Examining the HTML, we see that within the [*body*](https://www.w3schools.com/tags/tag_body.asp) element, we have individual [*div*](https://www.w3schools.com/tags/tag_div.asp) elements for each review.  For each review, there are three [*span*](https://www.w3schools.com/tags/tag_span.asp) elements that correspond to the review title, the review rating, and the review text, in order.  We could write code to read the content of the file and extract this review data by examining each line as a string and looking for *div* and *span* elements and extracting the corresponding text but the code would become complicated.  We previously used *pandas* to extract data from HTML but that relied on the data being stored in an HTML [*table*](https://www.w3schools.com/tags/tag_table.asp), which is not the case with this data.  

One option is to make use of Python's standard library [XML processing modules](https://docs.python.org/3.6/library/xml.html); [XML](https://en.wikipedia.org/wiki/XML) is another markup language often used to store data. While HTML is different and [not a subset of XML](https://stackoverflow.com/q/5558502/1298998); we can often use Python's XML tools to process HTML.  We'll use the [*ElementTree*](https://docs.python.org/3.6/library/xml.etree.elementtree.html#module-xml.etree.ElementTree) module to do this.  We begin by importing the module and parsing the file.

In [35]:
import xml.etree.ElementTree as ET
tree = ET.parse('./data/05-reviews.html')
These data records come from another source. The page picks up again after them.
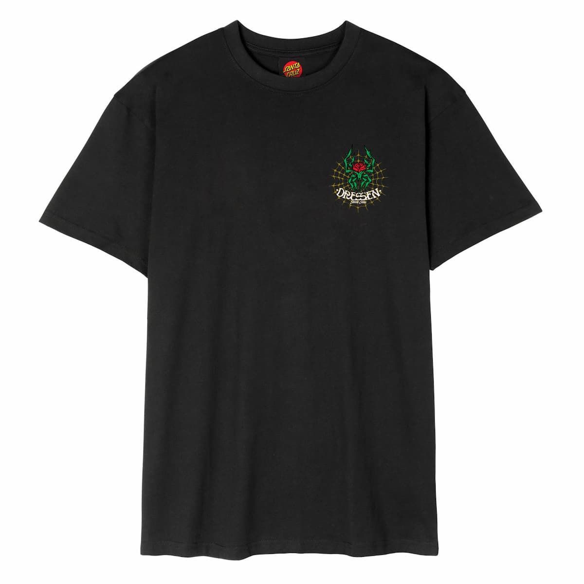 Camiseta de manga corta Santa Cruz Dressen Rose Cross 2 en color negro para hombre
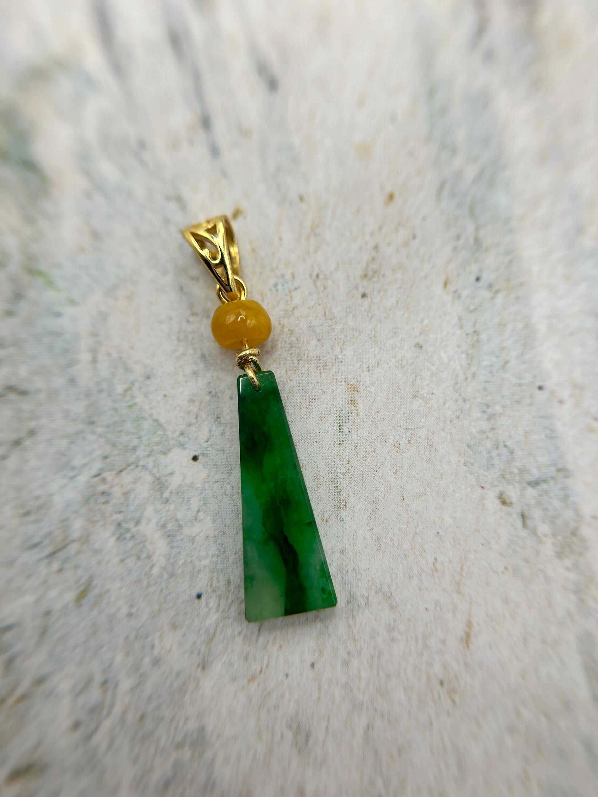 Unique icy green  trapezoid  gold plated sterling silver bail.  it grants safety, harmony, and fortune to its wearers.    Height:21.96mm, width:7.91mm, thick:2.5mm .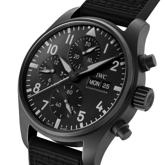 Ceratanium® case, Automatic, self-winding, Diameter 41.0 mm, Black dial with luminescence, Black rubber strap with textile inlay , Strap width 20.0 mm.

We can think of the document structure as being tree-like: at the root, we have the [*html*](https://www.w3schools.com/tags/tag_html.asp) element, which contains (or branches into) a [*head*](https://www.w3schools.com/tags/tag_head.asp) and a *body* element, which each branch further.  Frist, let's get the root element. using the *getroot()* method.

In [37]:
root = tree.getroot()
display(root)

<Element 'html' at 0x112c41ea8>

We can see that the root is, in fact, an *html* element.  To see its child elements, we can use the *getchildren()* method that returns a list of child elements.

In [38]:
root.getchildren()

[<Element 'head' at 0x112c41d68>, <Element 'body' at 0x112c41ef8>]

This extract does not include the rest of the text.